The consolidated financial statements required under this item are submitted as a separate section of this report on the pages indicated at Item 15(a)(1).

Item 9. Changes in and Disagreements with Accountants on Accounting and Financial Disclosure

None.

Item 9A. Controls and Procedures

Evaluation of Disclosure Controls and Procedures

Our management has evaluated, under the supervision and with the participation of our Chief Executive Officer and Chief Financial Officer, the effectiveness of our disclosure controls and procedures as of the end of the period covered by this Annual Report on Form 10-K pursuant to Rules 13a-15(e) and 15d-15(e) under the Securities Exchange Act of 1934, as amended (Exchange Act). Based on that evaluation, our Chief Executive Officer and our Chief Financial Officer have concluded that our disclosure controls and procedures were effective at January 31, 2016 to ensure that the information required to be disclosed in our Exchange Act reports is (1) recorded, processed, summarized and reported in a timely manner and (2) accumulated and communicated to our management, including our Chief Executive Officer and our Chief Financial Officer, as appropriate, to allow timely decisions regarding required disclosure.

Management’s Annual Report on Internal Control over Financial Reporting

The Company’s management is responsible for establishing and maintaining adequate internal control over financial reporting (as such term is defined in Rules 13a-15(f) and 15d-15(f) under the Exchange Act). The Company’s internal control over financial reporting is designed to provide reasonable assurance regarding the reliability of its financial reporting and the preparation of published financial statements in accordance with generally accepted accounting principles.

Because of the inherent limitations, internal control over financial reporting may not prevent or detect misstatements. Also, projections of any evaluation of effectiveness to future periods are subject to risk that controls may become inadequate because of changes in conditions, or the degree of compliance may deteriorate.

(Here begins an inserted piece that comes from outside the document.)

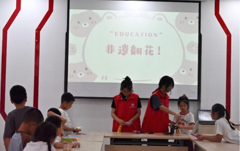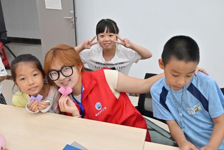 “这里要对齐边角,折的时候用力均匀一点……”志愿者们穿梭在孩子间,针对大家遇到的难点逐一解答。小朋友们专注地跟着步骤操作,时不时举着半成品向老师请教。

Management conducted its evaluation of the effectiveness of its internal control over financial reporting as of January 31, 2016. In making this assessment, management used the criteria set forth in the Internal Control-Integrated Framework (2013) issued by the Committee of Sponsoring Organizations of the Treadway Commission (“COSO”). Based on this assessment, the principal executive officer and principal financial officer believe that as of January 31, 2016, the Company’s internal control over financial reporting was effective based on criteria set forth by COSO in “Internal Control-Integrated Framework.”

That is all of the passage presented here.